The final Houston Street fledge occurred on Friday the thirteenth. It started out with a mid-afternoon fledge, followed by the usual struggle to find the fledgling, who ended up being just across Houston street. The young fledgling was doing well hopping from branch to branch.
In the early evening, the parents arrived with the father quickly leaving. The mother then took a rodent and flew back and forth along the top of the school, stopping on drain pipes and air conditioners to attract the fledgling back to the school. The fledgling soon took the hint to come north back to the school flying over Houston Street.
The fledgling crossed the road, but couldn’t gain any height nor could it find a landing spot on the school. It tired to grab the corner of the building but it ended up gliding into the street. Luckily, we had two quick thinking hawk watchers at the site. Edwin who stopped traffic and Adam who picked up the bird.
Then it got difficult.
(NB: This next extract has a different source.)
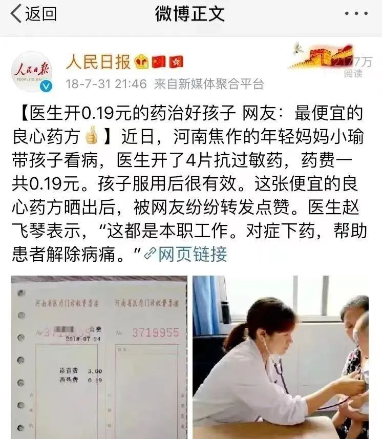 焦作市馬村區(qū)人民醫(yī)院趙飛琴開出“一毛九”藥方治好孩子丘疹的事跡,被人民日?qǐng)?bào)官方微博轉(zhuǎn)發(fā)。

A crowd had formed and followed Adam Welz, who had picked up the hawk. Luckily, Adam has experience with raptors where he lives in South Africa.
He needed a safe space to release the hawk, but people were crowding him and touching the hawk upsetting it. He couldn’t release it on the ground, and had nowhere to put it. As I went to get a cardboard box, a housing authority policeman came and took the hawk away in an animal carrier.
This nest is surely at a difficult site. Let’s hope the policeman took the hawk to a proper facility and it gets to a rehabilitator, who can return it to the site.
As dusk fell, the mother stayed on a lamp post looking for her fledgling until it got dark, and she roosted in a nearby tree for the evening.
Update: The bird is safely with its siblings, in Bobby Horvath’s care.